Task directions:
Give back the lines of the entries below exactly as written, from the first line to the line holding "浙江歐龍奔馳,捐贈百萬助力慈善大宴...", both included, with the pictures omitted.

Records drawn from a dataset
========================================================================
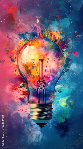 Light Bulb Amidst Vibrant Splashes of Color Symbolizing Creative Idea and Artistic Expression
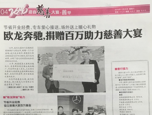 浙江歐龍奔馳,捐贈百萬助力慈善大宴...
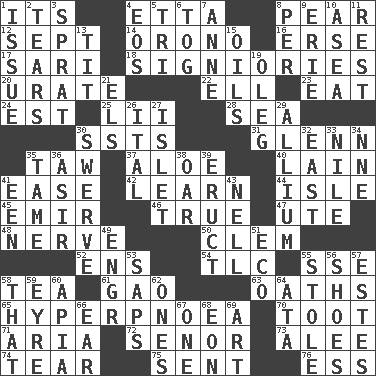 ACROSS 1. It is 4. Singer James 8. Lightbulb-shaped fruit 12. Back-to-school mo. 14. U. of Maine site 16. Celtic language 17. Indian skirt 18. Seigniories (variant) 20. A salt of uric acid 22. Pipe bend 23. Ingest 24. Eastern Standard Time (abbr.) 25. Cards in a Roman deck? 28. Ocean 30. Fast planes 31. American astronaut and politician John 35. The 23rd letter of the Hebrew alphabet 37. Medicinal plant 40. (Had) reclined 41. Comfort 42. Acquire or gain knowledge or skills 44. Small island 45. Independent ruler or chieftain 46. Loyal 47. Shoshoni 48. Impudent aggressiveness 50. To starve (Brit.) 52. Followers of ems 54. Affectionate concern, for short 55. Compass dir. 58. Afternoon social gathering 61. E Mali city 63. Profane or obscene expressions 65. Abnormally rapid or deep breathing 70. A blast of a horn 71. Roberta Peters solo 72. Sir (Sp.) 73. Toward shelter 74. Pull apart 75. Posted 76. Double-curved letter DOWN 1. Come out of 2. Lacerates 3. Small fatty European fish 4. Greek goddess of the dawn 5. Three (prefix) 6. Coat; cloak 7. Singer Murray 8. For each 9. 4th largest of the Great Lakes 10. At sea 11. Respite 13. Teat (slang) 15. Lubricates 19. Cassini of fashion 21. Raised railways 26. Slanted text style (abbr.) 27. Small island 29. Plant genus of onion and garlic 30. Turn aside suddenly 32. 90 degrees 33. "Death on the ____" 34. Compass dir. 35. Docile 36. SW Saudi Arabia district 38. Boat paddle 39. Spew [out] 41. Car or cant ending 43. 1994 drama film starring Jodie Foster 49. Engineer (abbr.) 51. Environmental prefix 53. Plant excrements 55. Fur scarf 56. Imelda's hoard 57. _____ Park, CO 58. Not this but _ 59. Jane of fiction 60. Capital of Western Samoa 62. Washington bills 64. "One Day ___ Time" 66. Ewer handle 67. Single 68. Age 69. Nonscientific branch of learning
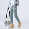 Pantalones vaqueros rotos de estilo Hip Hop para hombre, Jeans ajustados de color azul claro, ropa de calle, Jeans rotos con agujeros
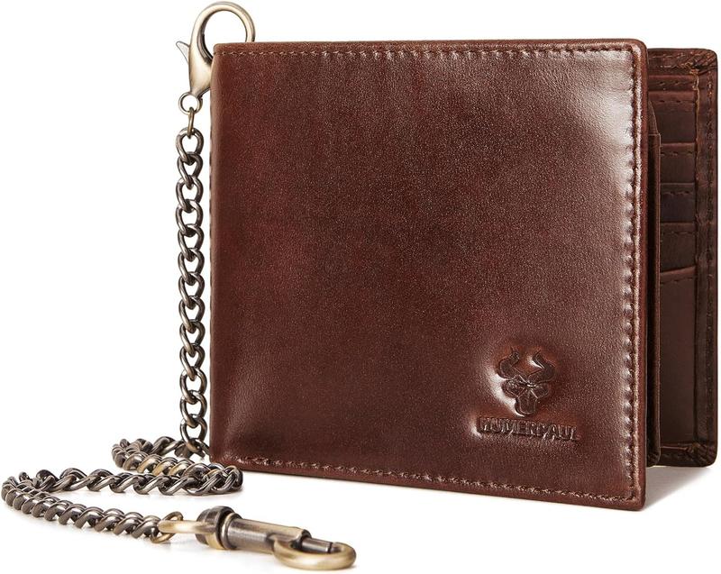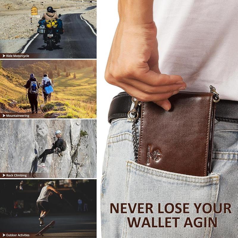 Chain Wallets for Men, Genuine Leather Purse Blocking Bifold Wallets with 2 ID
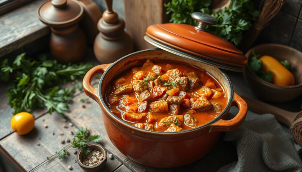 Rindergulasch schmeckt im Dutch Oven besonders gut. Man nutzt eine Gewürzmischung mit Wacholderbeeren und Thymian17. Dazu kommen Zwiebeln, Knoblauch, Bier und Tomaten17.
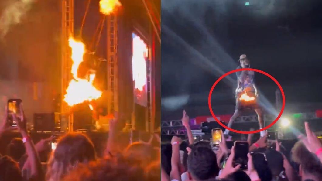 饒舌歌手瓊加表演期間被火柱擊中。(圖/翻攝自X@FOFOQUEl)
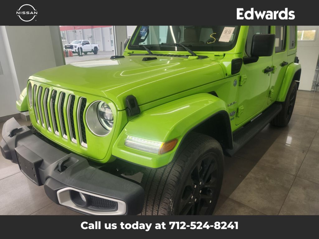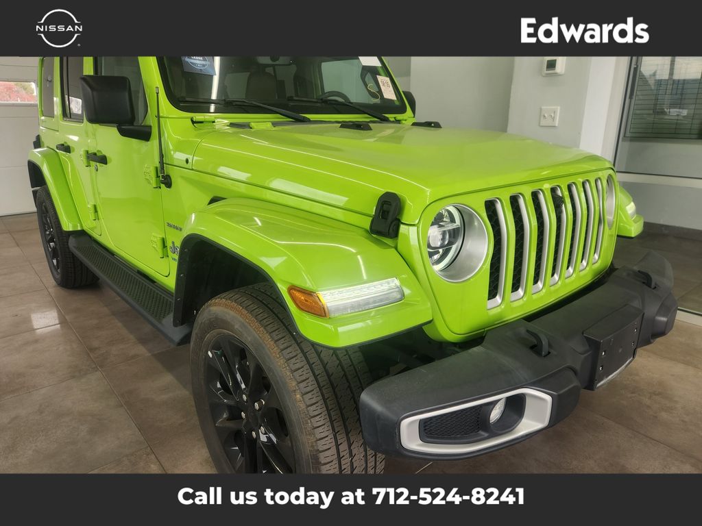 Plug in our Certified, One Owner, Accident Free 2021 Jeep Wrangler 4xe Sahara 4 Door 4X4 in Gecko Clearcoat and enjoy hybrid fun you never thought possible! Powered by a TurboCharged 2.0 Liter 4 Cylinder and 2 Electric Motors offering a combined 375hp tethered to an 8 Speed Automatic transmission. This Four Wheel Drive SUV can go nearly 21miles on a single charge of electricity and then keep going for hundreds of more miles in gas-hybrid mode at nearly 20mpg combined. And you can still count on Trail Rated Jeep capability combined with iconic styling from LED lighting, fog lamps, side steps, bold fender flares, and alloy wheels. The removable top and doors, plus a fold-down windshield, add unrivaled open-air excitement. Our Sahara cabin is your service with heated leather front seats, a heated leather-wrapped steering wheel, power accessories, automatic climate control, cruise control, and 12V/115V power outlets that come in handy on the trail or off. Digital convenience comes standard with an 8.4-inch touchscreen, WiFi compatibility, Apple CarPlay/Android Auto, Bluetooth, and an Alpine sound system. The world is waiting, so get out there and go! Move with confidence knowing Jeep helps keep you out of harm's way with a backup camera, ABS, stability/traction control, hill-start assist, tire-pressure monitoring, advanced airbags, and more. Drive our Wrangler 4xe Sahara and plug into more adventure! Save this Page and Call for Availability. We Know You Will Enjoy Your Test Drive Towards Ownership!
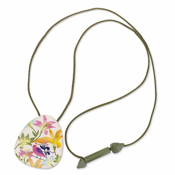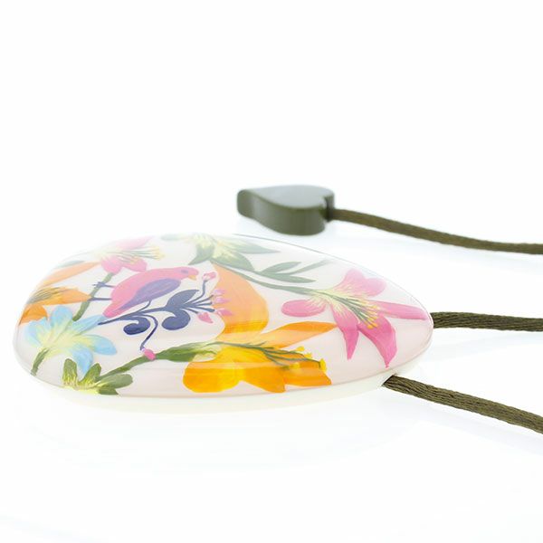 鮮やかなピンクの小鳥やお花が描かれた個性的なパーツを使用したネックレス。ハンドメイドで作られた一つ一つのパーツに、手作業で一点一点描いて仕上げているので、2つとして同じものはありません。
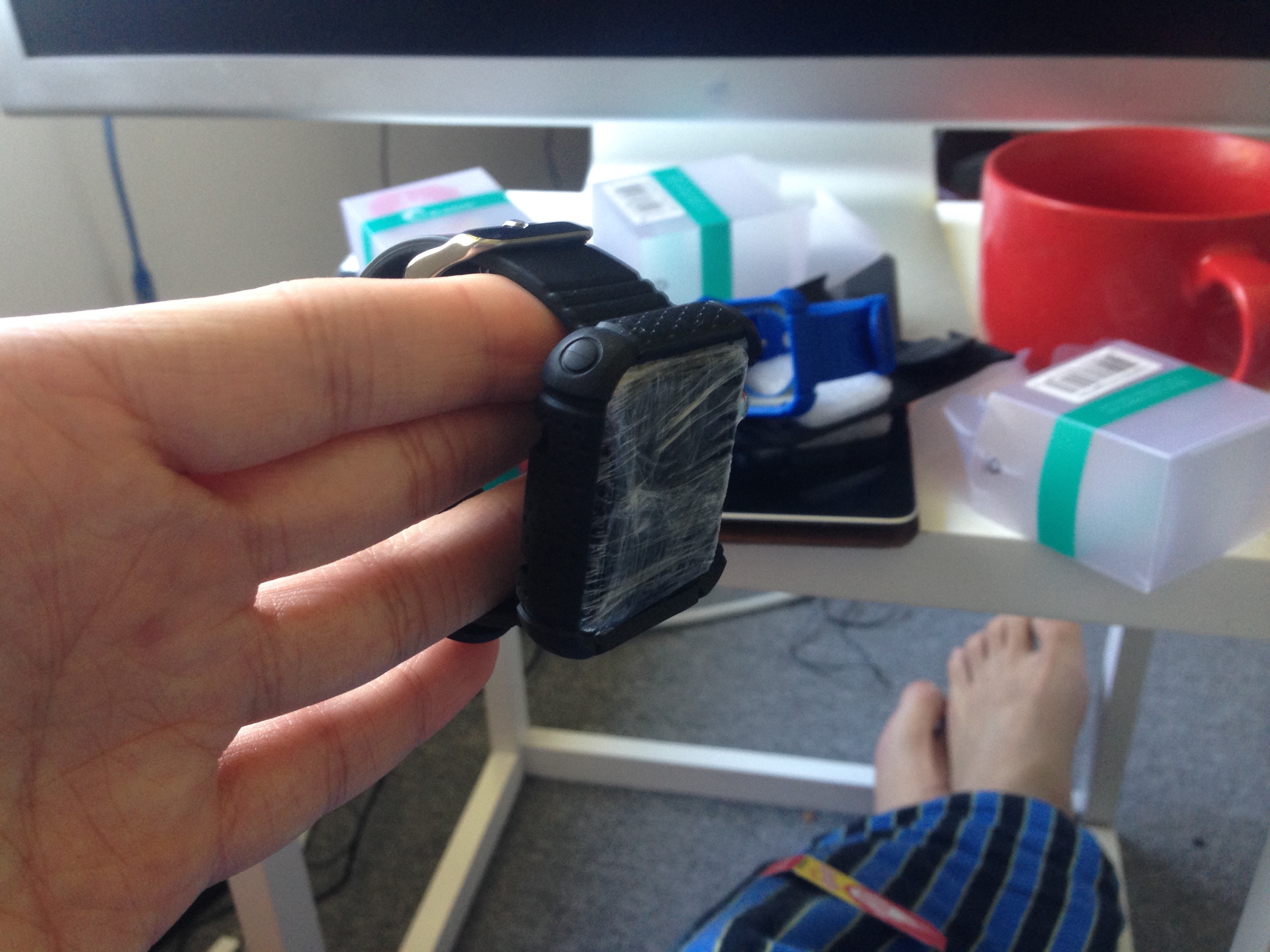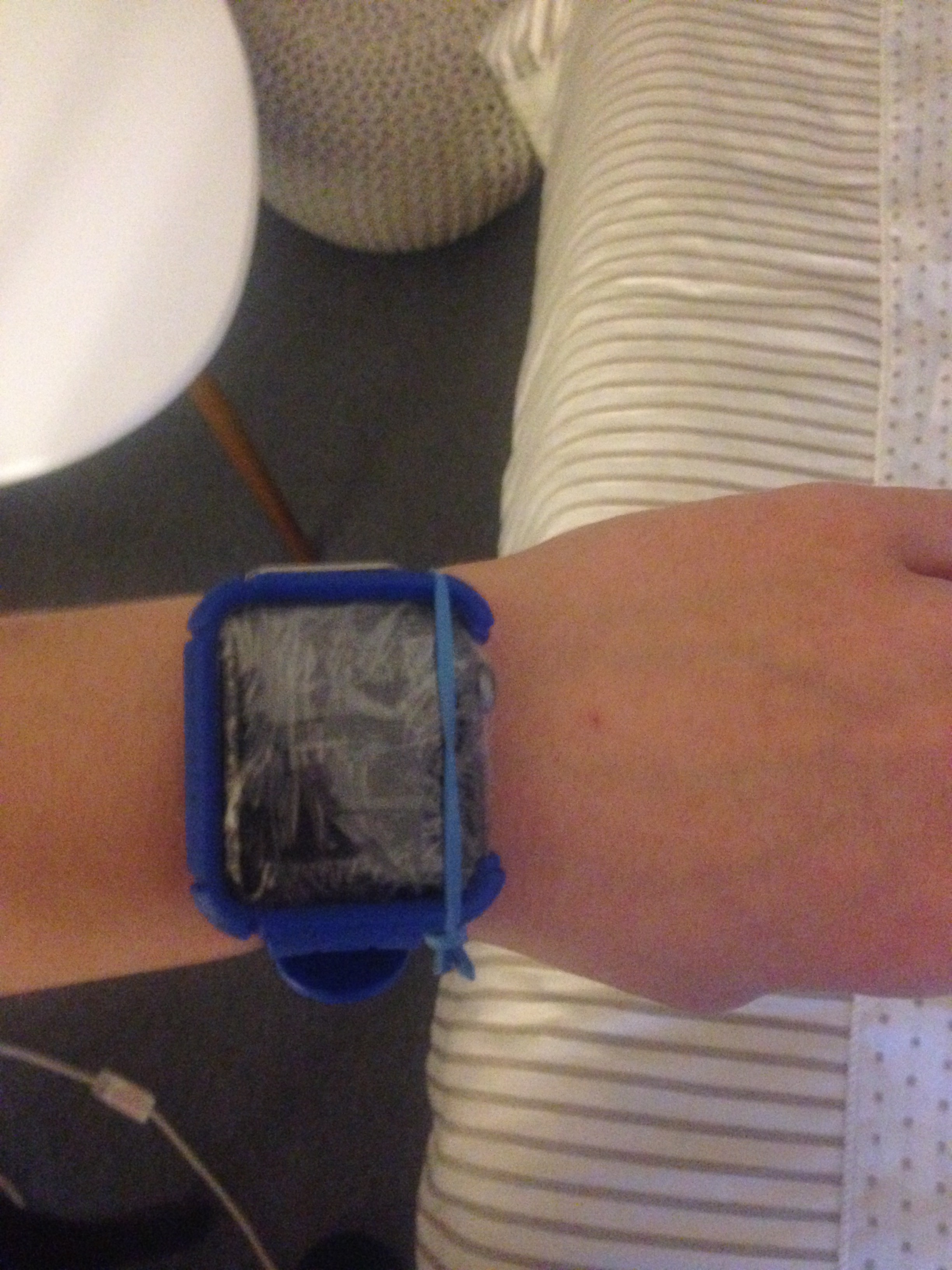 2. Buy some clear stretch wraps. wrap the core watch up.(make sure the lens on the back only be covered only ONE layer, and also don't make the buttons side too tight,, won't be able to turn the crown)
========================================================================
Solution below:
 Light Bulb Amidst Vibrant Splashes of Color Symbolizing Creative Idea and Artistic Expression
 浙江歐龍奔馳,捐贈百萬助力慈善大宴...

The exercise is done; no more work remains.